- RECORDED INFORMATION -
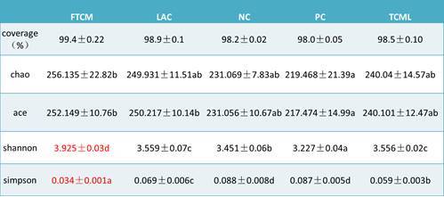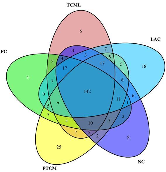OTU(operationaltaxonomic units),即操作分類單元。即相似性聚類分析,用以表現(xiàn)菌群豐度。試驗共獲得353 個不同OTU,其中五組樣品共有的OTU數(shù)是142個;TCML組中共有 248 個OUT,5個特有OUT;LAC組中共有263 個OTU,18個特有OUT;NC組中共有242個OTU,8個特有OUT;FTCM組中共有264個OUT,25個特有OTU。說明仔豬飼喂中藥發(fā)酵物后,特異性O(shè)UT數(shù)量增加,菌群種類豐富。
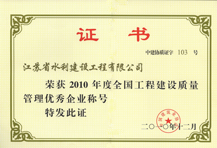 世俱杯网页版登录入口连续多年被评为全国水利建设先进集体、全国优秀水利企业、全国安全生产和质量管理先进单位、江苏省文明单位、建筑业百强企业,荣获江苏省“五一劳动奖章”。
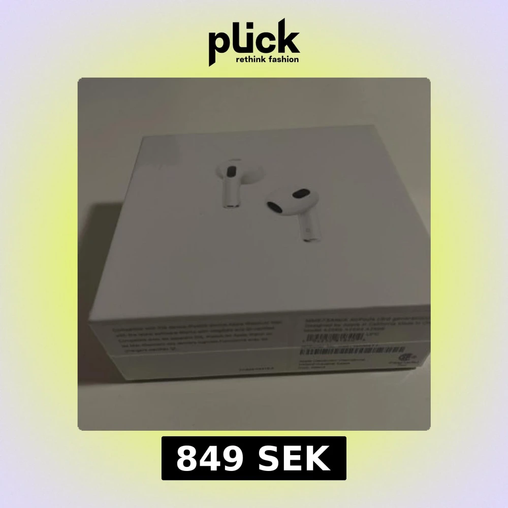 Helt nya Apple AirPods (3rd generation) med MagSafe-laddningsetui, oöppnad originalförpackning. Trådlösa hörlurar med förbättrad batteritid, rumsligt ljud och svett-/vattenresistens. Perfekt för musik, samtal och träning. Ingen synlig skada på förpackningen.
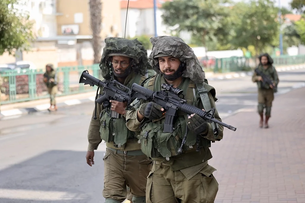 当地时间2023年10月11日,以色列斯德洛特,以色列安全部队在街道上巡逻。视觉中国 图

- TASK TO COMPLETE -
Print, exactly as written, the lines above from the first one to the one containing "世俱杯网页版登录入口连续多年". Leave out pictures.

- EXPECTED OUTPUT -
OTU(operationaltaxonomic units),即操作分類單元。即相似性聚類分析,用以表現(xiàn)菌群豐度。試驗共獲得353 個不同OTU,其中五組樣品共有的OTU數(shù)是142個;TCML組中共有 248 個OUT,5個特有OUT;LAC組中共有263 個OTU,18個特有OUT;NC組中共有242個OTU,8個特有OUT;FTCM組中共有264個OUT,25個特有OTU。說明仔豬飼喂中藥發(fā)酵物后,特異性O(shè)UT數(shù)量增加,菌群種類豐富。
 世俱杯网页版登录入口连续多年被评为全国水利建设先进集体、全国优秀水利企业、全国安全生产和质量管理先进单位、江苏省文明单位、建筑业百强企业,荣获江苏省“五一劳动奖章”。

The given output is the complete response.